Cervical cancer is highly preventable. However, it remains a health burden and is the fourth most common cancer in females around the world. Cervical cancer is caused by “high-risk” types of the human papillomavirus (HPV). Screening for cervical cancer using HPV is much more effective than the Pap test. However, HPV screening alone cannot determine if an HPV infection will resolve, or if it will progress to cervical cancer. We need to find better ways to identify the people with HPV who have the highest risk of cancer.

The microbiome of the vagina may play an important role in progression to cancer. Understanding more about the vaginal microbiome in those with high-risk HPV could help us determine when an HPV infection may resolve or when it may progress. This knowledge could lead to earlier and better treatment and prevent cervical cancer from developing.

This research will be done in British Columbia, Canada. We will determine the microbiome characteristics of an existing set of cervical samples. We will then link these characteristics to over 10 years of cervical cancer screening results. We will explore if certain microbiome characteristics can determine whether HPV progresses to cervical pre-cancer or if HPV will clear.
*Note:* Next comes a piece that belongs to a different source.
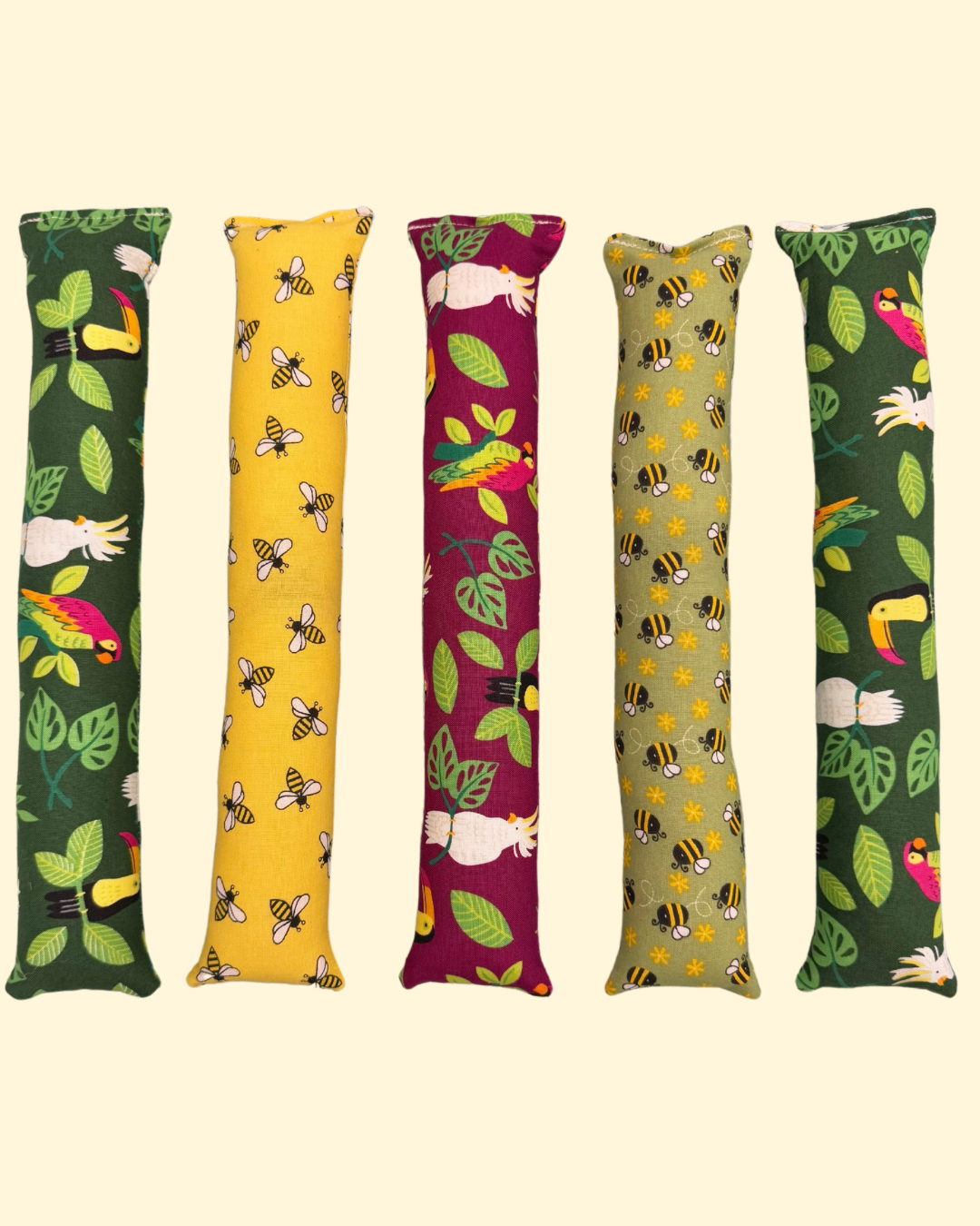 each cat kicker is made from 100% cotton fabric, machine stitched for durability, and filled with stuffing and 3 large scoops of catnip silvervine mixture!

These findings can lead to important advancements in HPV screening for cervical cancer. This study has strong potential to impact global cervical cancer prevention and treatment standards. The findings are especially important as screening programs around the world shift to HPV-based cervical cancer screening.

Noam Auslander, PhD

This research aims to improve cancer treatment, specifically immunotherapy. My lab will identify factors that determine patients’ immunotherapy responses. We already know that microbes in our gut impact cancer treatment. For example, research shows that a fecal microbiota transplant can overcome immunotherapy resistance. At first, our goal was to identify which microbes impact immune responses. However, a difficulty for this research was that the regions we live in change which types of microbes are in our gut. This is a problem because it makes it hard to validate findings between regions. Our work revealed that it is not the species of microbe that impacts immunotherapy responses, as we first thought. Instead, it is the types of proteins produced by these microbes that matter. Different species of bacteria can make similar proteins, and it is these proteins that drive immune responses. We developed a new strategy to identify the proteins that bacteria are producing in the gut. Our approach reveals a relationship between proteins and treatment response. We verified this relationship in melanoma patients from different regions. For our next steps, we propose identifying non-invasive immunotherapy biomarkers. We will do this with the fecal microbiome. We expect that our research will improve clinical decisions and treatment outcomes.